**YOUR ASSIGNMENT:** Starting with the line below that holds "1-Used white cap" and stopping after the line that holds "- Donovan |", transcribe the lines exactly, leaving out all pictures.

**DATA PROVIDED:**
= = = = = = =

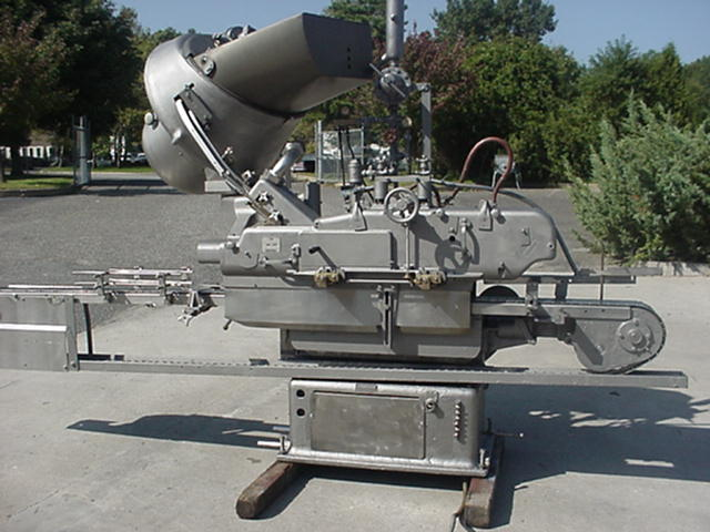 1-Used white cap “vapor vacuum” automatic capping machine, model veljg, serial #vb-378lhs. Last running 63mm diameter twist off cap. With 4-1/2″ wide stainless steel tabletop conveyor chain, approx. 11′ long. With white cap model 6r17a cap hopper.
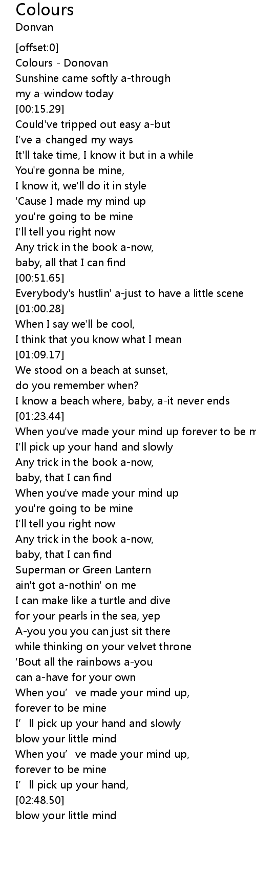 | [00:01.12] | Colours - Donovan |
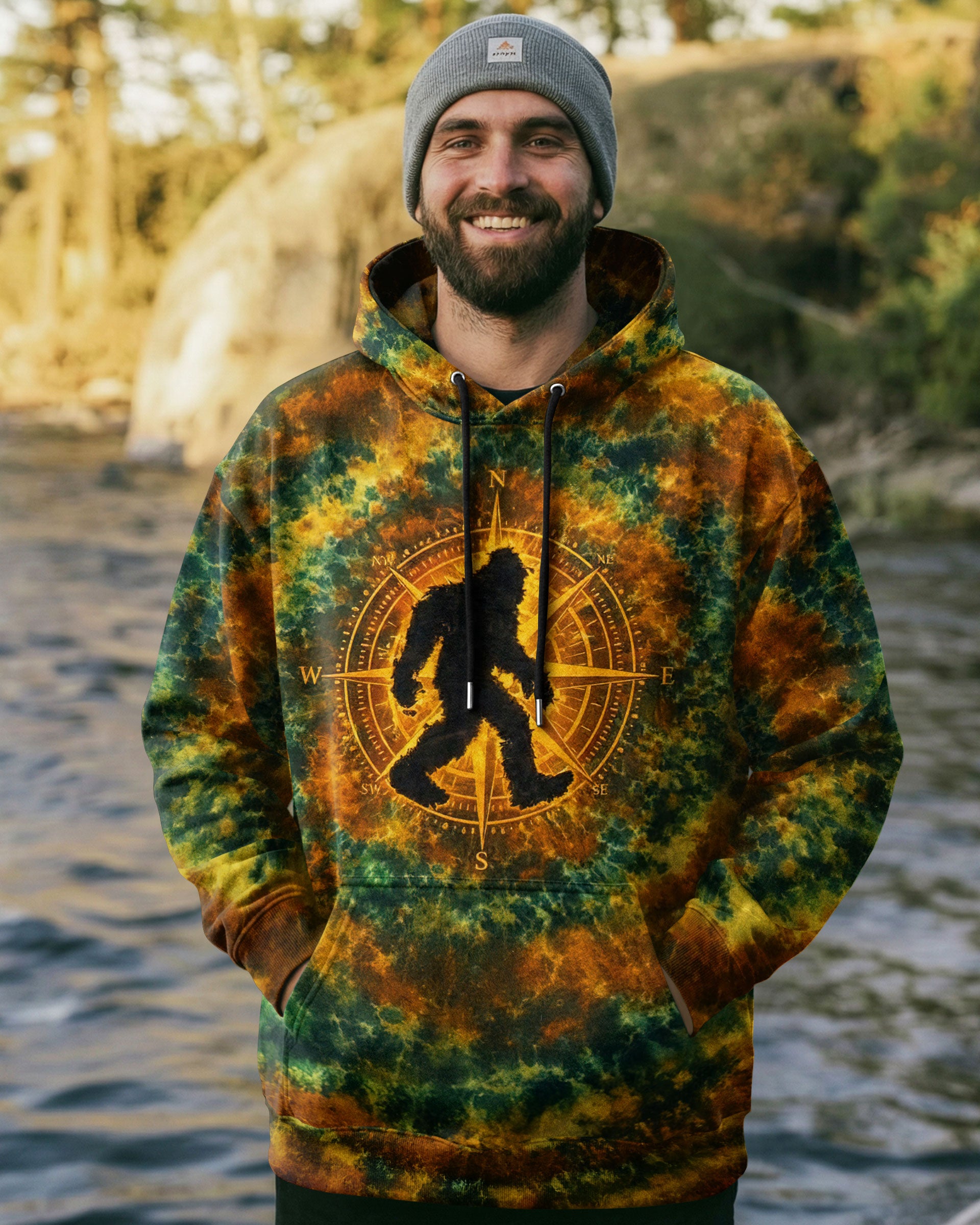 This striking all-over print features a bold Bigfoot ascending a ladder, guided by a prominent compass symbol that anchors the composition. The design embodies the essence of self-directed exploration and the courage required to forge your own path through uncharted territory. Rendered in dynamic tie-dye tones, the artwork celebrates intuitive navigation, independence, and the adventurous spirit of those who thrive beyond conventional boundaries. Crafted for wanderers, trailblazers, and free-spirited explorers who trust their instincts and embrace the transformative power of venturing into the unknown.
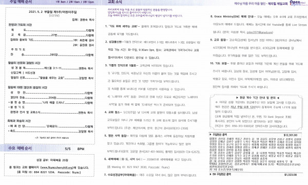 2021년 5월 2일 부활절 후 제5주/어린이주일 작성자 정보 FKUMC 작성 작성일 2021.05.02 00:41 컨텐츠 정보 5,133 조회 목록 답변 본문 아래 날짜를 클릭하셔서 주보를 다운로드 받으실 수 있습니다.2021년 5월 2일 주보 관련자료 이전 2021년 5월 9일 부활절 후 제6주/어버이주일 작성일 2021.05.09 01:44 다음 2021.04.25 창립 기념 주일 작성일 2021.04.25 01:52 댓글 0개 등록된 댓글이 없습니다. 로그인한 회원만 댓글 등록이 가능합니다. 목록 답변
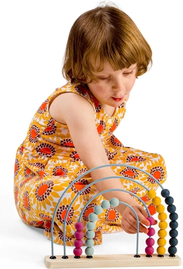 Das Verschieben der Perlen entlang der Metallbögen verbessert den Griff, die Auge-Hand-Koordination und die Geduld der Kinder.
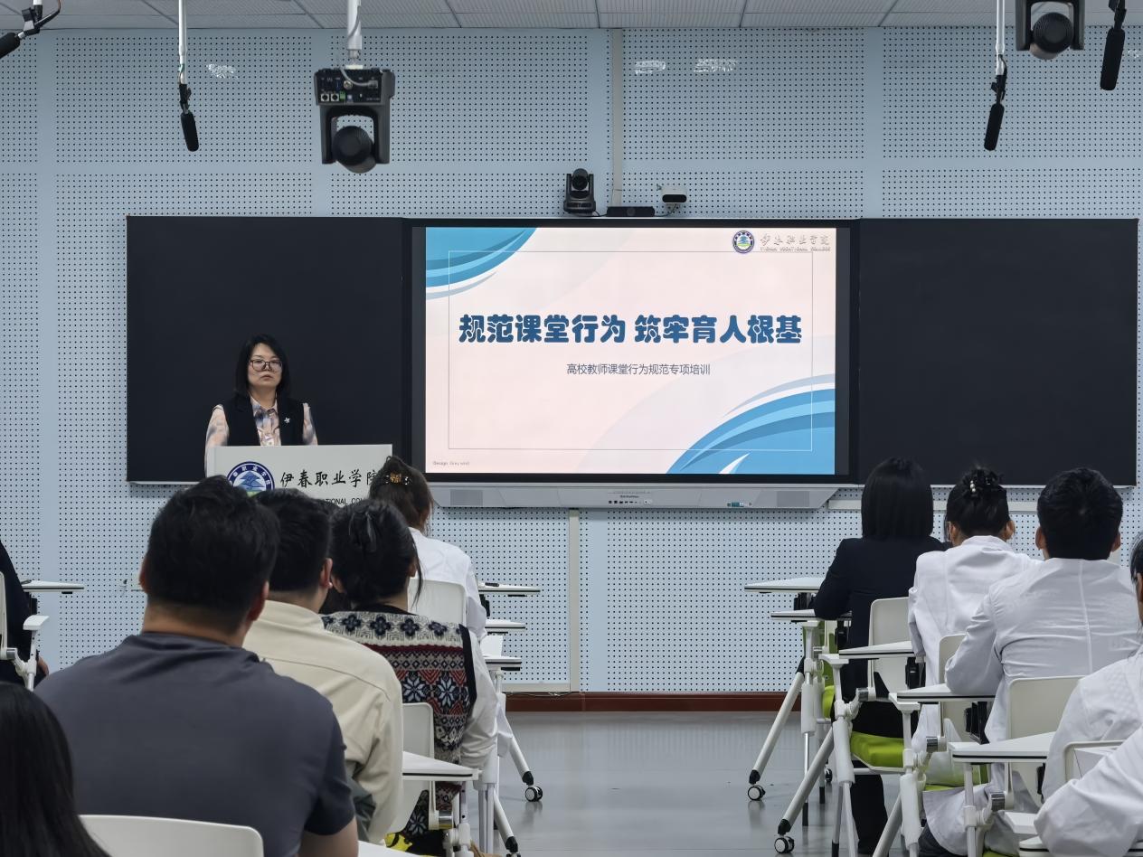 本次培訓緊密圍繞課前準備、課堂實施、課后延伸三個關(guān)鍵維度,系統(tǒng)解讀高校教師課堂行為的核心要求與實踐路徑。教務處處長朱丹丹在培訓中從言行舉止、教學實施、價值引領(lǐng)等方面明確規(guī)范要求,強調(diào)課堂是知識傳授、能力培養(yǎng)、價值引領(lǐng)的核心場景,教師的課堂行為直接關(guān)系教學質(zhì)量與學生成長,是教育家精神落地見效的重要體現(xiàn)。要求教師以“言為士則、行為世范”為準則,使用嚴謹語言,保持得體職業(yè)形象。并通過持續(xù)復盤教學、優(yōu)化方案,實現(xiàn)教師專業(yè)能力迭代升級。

= = = = = = =

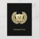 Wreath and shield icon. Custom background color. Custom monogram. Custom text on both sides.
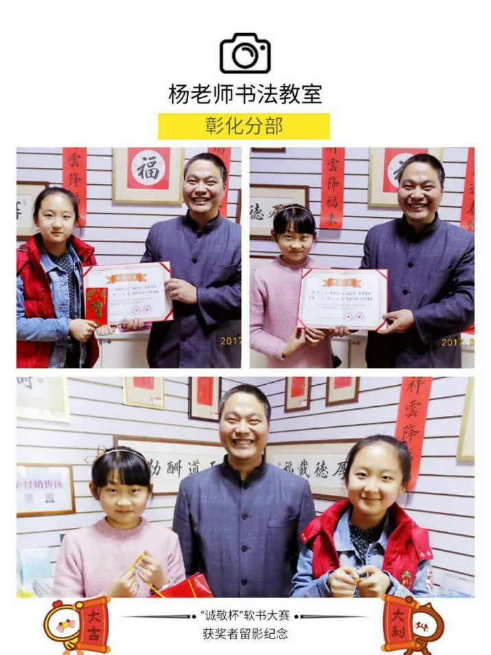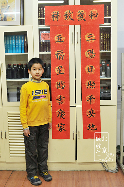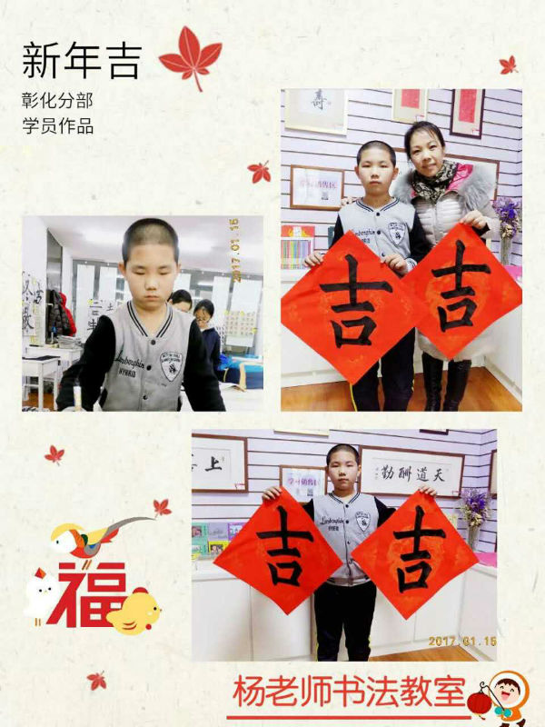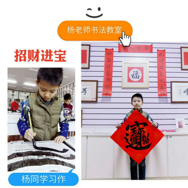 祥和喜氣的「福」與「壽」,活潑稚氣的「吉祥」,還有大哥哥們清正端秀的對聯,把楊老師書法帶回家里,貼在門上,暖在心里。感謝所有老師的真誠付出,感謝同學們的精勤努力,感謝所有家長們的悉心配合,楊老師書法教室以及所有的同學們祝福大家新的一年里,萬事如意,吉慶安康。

= = = = = = =

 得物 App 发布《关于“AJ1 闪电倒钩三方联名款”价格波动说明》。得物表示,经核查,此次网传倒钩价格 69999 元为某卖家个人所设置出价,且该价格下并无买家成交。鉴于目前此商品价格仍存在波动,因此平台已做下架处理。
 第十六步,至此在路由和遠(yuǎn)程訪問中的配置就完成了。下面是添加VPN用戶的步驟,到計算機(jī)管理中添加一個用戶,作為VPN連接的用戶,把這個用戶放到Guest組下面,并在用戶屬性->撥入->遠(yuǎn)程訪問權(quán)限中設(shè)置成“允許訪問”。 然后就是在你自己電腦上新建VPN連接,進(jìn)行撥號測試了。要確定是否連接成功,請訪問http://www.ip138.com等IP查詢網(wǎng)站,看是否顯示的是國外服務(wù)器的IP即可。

= = = = = = =

**TASK ANSWER:**
 1-Used white cap “vapor vacuum” automatic capping machine, model veljg, serial #vb-378lhs. Last running 63mm diameter twist off cap. With 4-1/2″ wide stainless steel tabletop conveyor chain, approx. 11′ long. With white cap model 6r17a cap hopper.
 | [00:01.12] | Colours - Donovan |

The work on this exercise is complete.